It is normal for you to gain weight during pregnancy and doctors sometimes say adding 25 to 35 pounds is OK. How much weight you add depends on a number of factors but getting back into shape after childbirth requires that you work at it. Patience is the key in losing weight after pregnancy because the process is not instant. Your feeding, exercise routines and some other activities influence how long it will take you to return to your weight before pregnancy.
Getting your stomach to return to its original size, or close, is also part of the weight loss process and devices like Girdles are helpful in that regard. You will find the list of top post-partum girdles in 2018 useful in your quest to flatten that stomach post-childbirth.
Mentioned below are some tips that will help you in losing weight after pregnancy and getting back into shape. Remember, it’s a process.
Do Not Diet
This may sound odd but going on a diet after childbirth may be counterproductive to your desire to lose weight. Depriving yourself of your favorite foods while being stressed out by the new role of mothering the baby has been shown to cause mothers to actually gain weight. The key is to eat healthy and the added weight will come off naturally.

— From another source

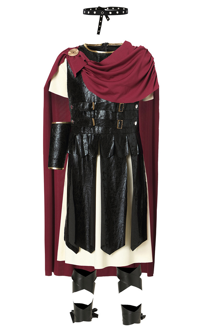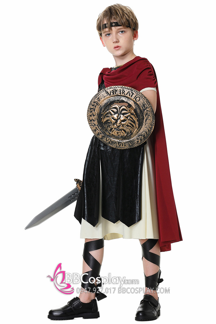 Thành phần: Áo kèm choàng + 1 băng tay + 1 băng trán + 1 cặp băng chân + 1 kiếm + 1 khiên

Well-balanced diet is good for you and your baby during this period and you can keep healthy snacks (like carrot stick, apple slices) in the house to keep hunger at bay. Note that dieting means you reduce your calorie intake which is not recommended for you because of your body and baby needs. Therefore, ensure you take in more than 1800 calories daily to meet both you and your baby’s nutrient needs.
Eat Super Foods
Super foods are foods that are rich in nutrients that your body needs and are light in fat and calories. Examples of super foods are fish (salmon, sardines, tuna), yoghurt, milk, lean meat, beans, chicken etc. As a nursing mother, these super foods are also great for your baby because they contain nutrients that help your baby develop a healthy nervous system and brain, strong bones, etc. An added benefit is that they keep you feeling full for long periods, thereby reducing your desire to eat.
Strength-training and aerobic exercises after pregnancy are essential for your weight loss because they help burn calories and make your bones and muscles strong. In addition to the weight loss benefits of exercise, it also helps combat depression and relieves stress, two challenges that virtually all nursing mothers face.
Note that your desire to exercise for losing weight after pregnancy does not mean hitting the gym straight after childbirth. That’s a stretch! Start slow by taking a brisk walk with your baby and you will find that it helps your heart pump blood and keeps your muscles working. A 20-minute to half-hour walk every day will do the magic. In case of any discomfort, remember to check with your doctor or medical professional and take their advice.
Some studies have shown that breastfeeding helps mothers return to their pre-pregnancy weight faster because the activity involves the loss of calories. That weight-loss benefit of breastfeeding is an added advantage to the many health benefits that it has to the baby.